(Collected data entries)
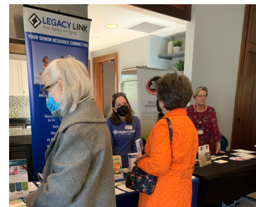
Hall County community members stopped by the Legacy Link AAA booth to learn more about services and volunteer opportunities.
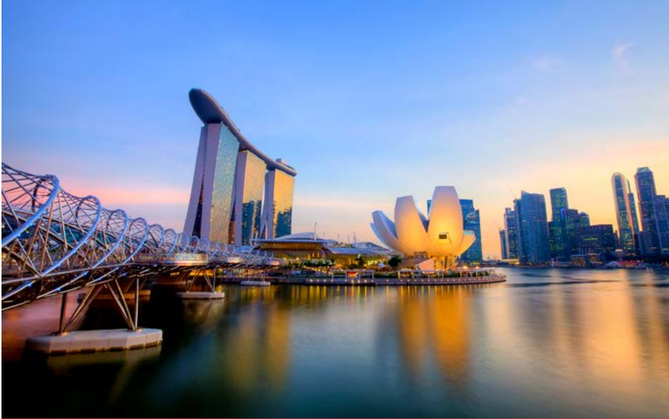
The skyline of modern Singapore
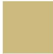
PANTONE® 14-0626 Dried Moss
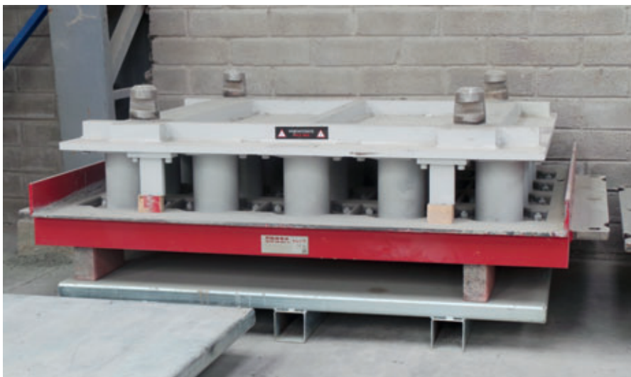
Kobra paver molds for perfect and accurate production
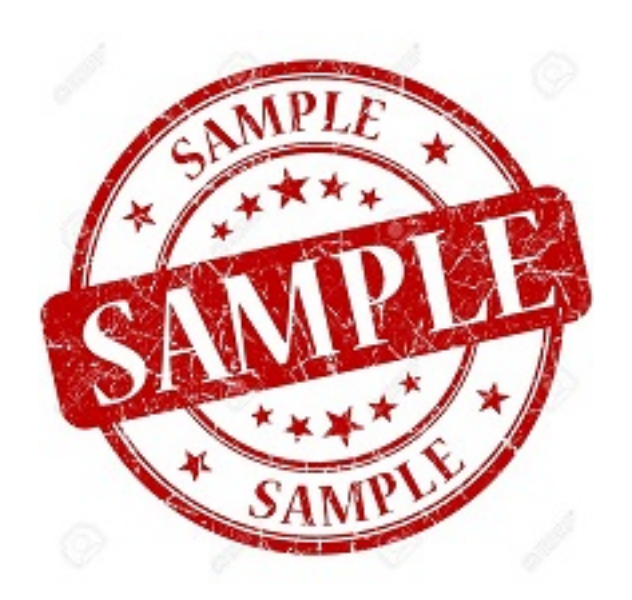
Figure 3-1: Sample Diagram 1

"References" tab and select "Figure" in the dropdown list. Click "Update Table" to update the List of Figures.
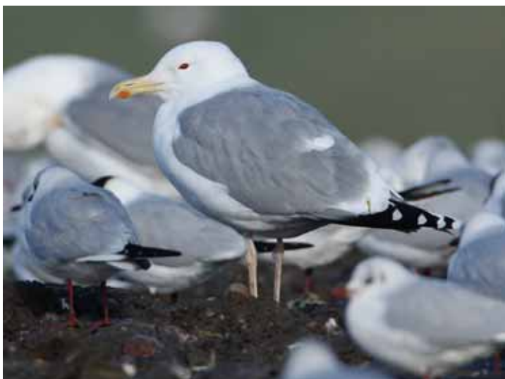
87. Adult Caspian Gull, Essex, 7 Feb 2009. This bird's eye is at the dark end of the range.
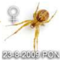
Singa sp POND Female ♀ 23-8-2009 DRAGONFLY POND
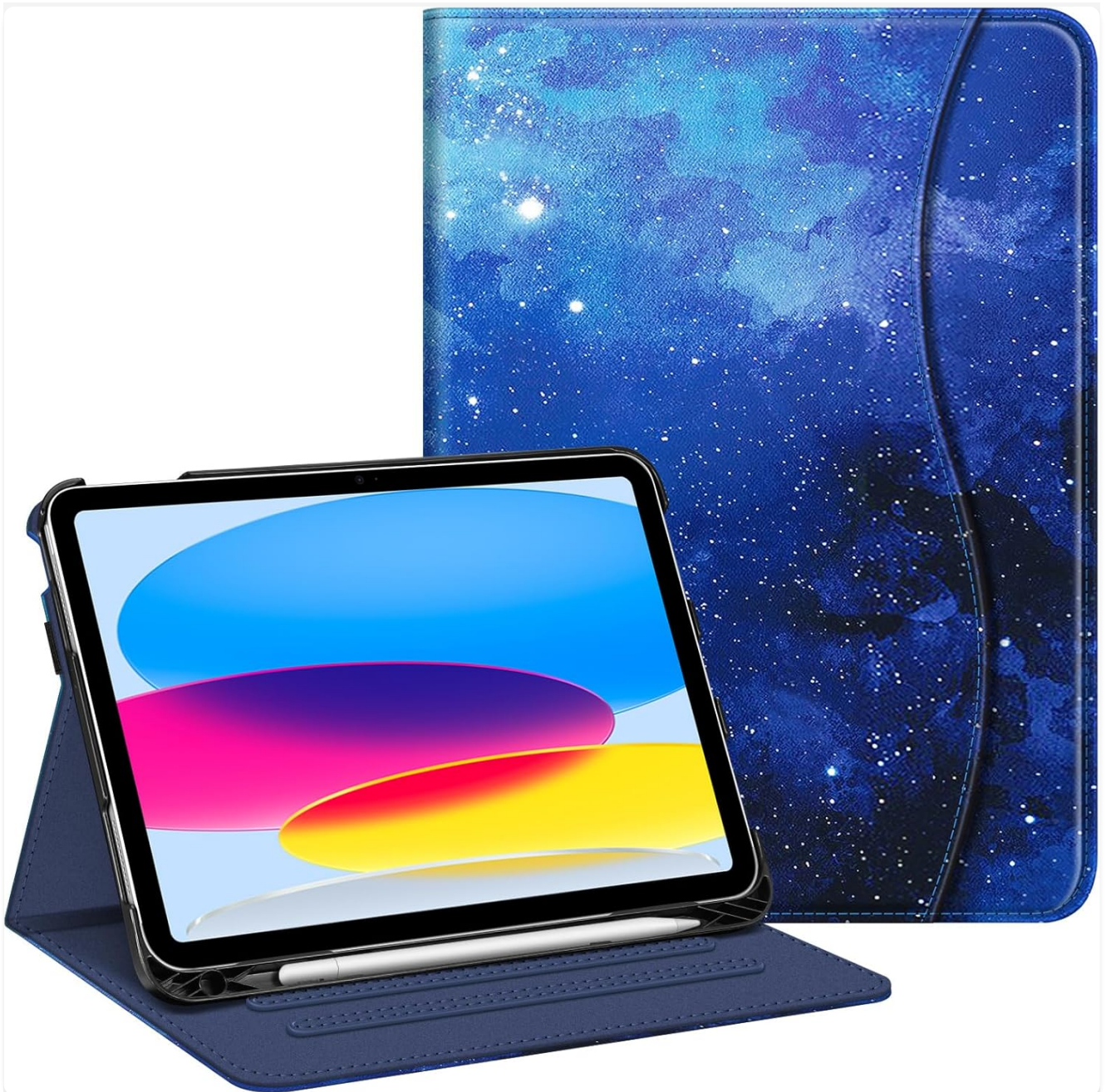
Figure 1: Fintie Case with iPad in viewing stand position.
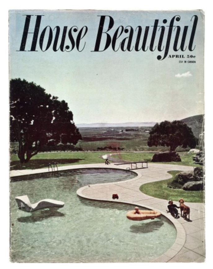
House Beautiful April 1951 2 for blog

1150 25TH ST. SAN FRANCISCO, CA 94107 tel: 415.576.9300 / fax: 415.373.4471 www.altmansiegel.com
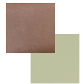
HONEY BROWN VINYL BEIGE FRAME [N1203]
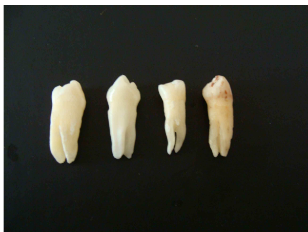
Figure 1. Two rooted mandibular first premolar teeth.

Canal Orifice: In the mandibular first premolar teeth one canal orifice was found in 122 teeth (88.40%) and two canal orifices were found in 16 teeth (11.59%)
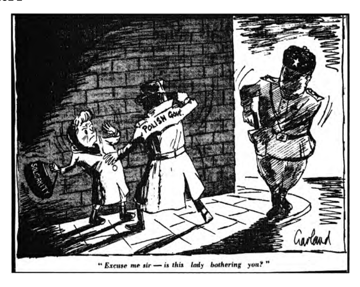
A cartoon published in an English newspaper in December 1980. The Russian soldier is saying 'Excuse me sir - is this lady bothering you?'.
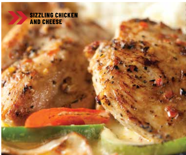
SIZZLING CHICKEN AND CHEESE
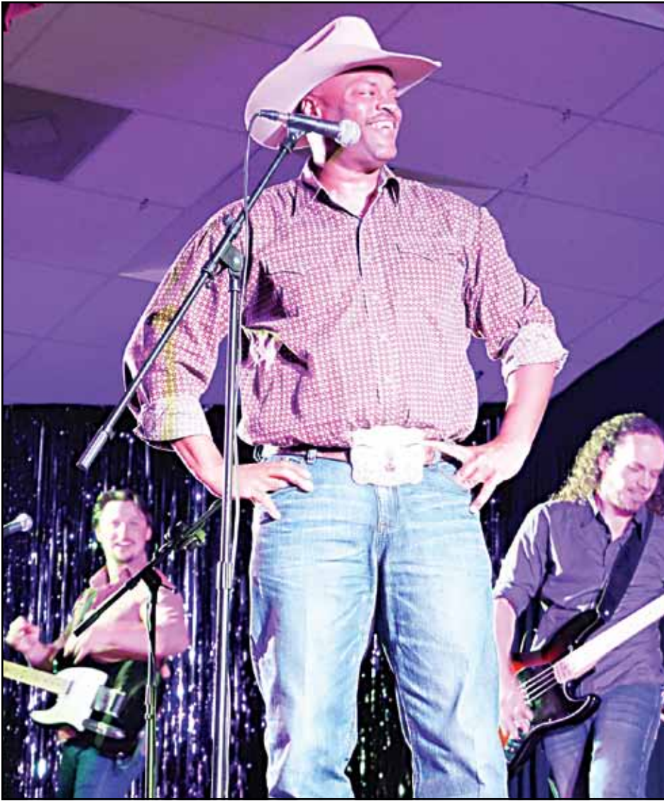
Cowboy Troy's music was unique, and his energy was infectious. He had the audience up out of their seats and moving to some of their, and his, favorite hits.

■ PROBLEM ■
When you copy the data, keep every line exact and leave out each picture.

■ RESULT OF THE TASK ■
Hall County community members stopped by the Legacy Link AAA booth to learn more about services and volunteer opportunities.
The skyline of modern Singapore
PANTONE® 14-0626 Dried Moss
Kobra paver molds for perfect and accurate production
Figure 3-1: Sample Diagram 1

"References" tab and select "Figure" in the dropdown list. Click "Update Table" to update the List of Figures.
87. Adult Caspian Gull, Essex, 7 Feb 2009. This bird's eye is at the dark end of the range.
Singa sp POND Female ♀ 23-8-2009 DRAGONFLY POND
Figure 1: Fintie Case with iPad in viewing stand position.
House Beautiful April 1951 2 for blog

1150 25TH ST. SAN FRANCISCO, CA 94107 tel: 415.576.9300 / fax: 415.373.4471 www.altmansiegel.com
HONEY BROWN VINYL BEIGE FRAME [N1203]
Figure 1. Two rooted mandibular first premolar teeth.

Canal Orifice: In the mandibular first premolar teeth one canal orifice was found in 122 teeth (88.40%) and two canal orifices were found in 16 teeth (11.59%)
A cartoon published in an English newspaper in December 1980. The Russian soldier is saying 'Excuse me sir - is this lady bothering you?'.
SIZZLING CHICKEN AND CHEESE
Cowboy Troy's music was unique, and his energy was infectious. He had the audience up out of their seats and moving to some of their, and his, favorite hits.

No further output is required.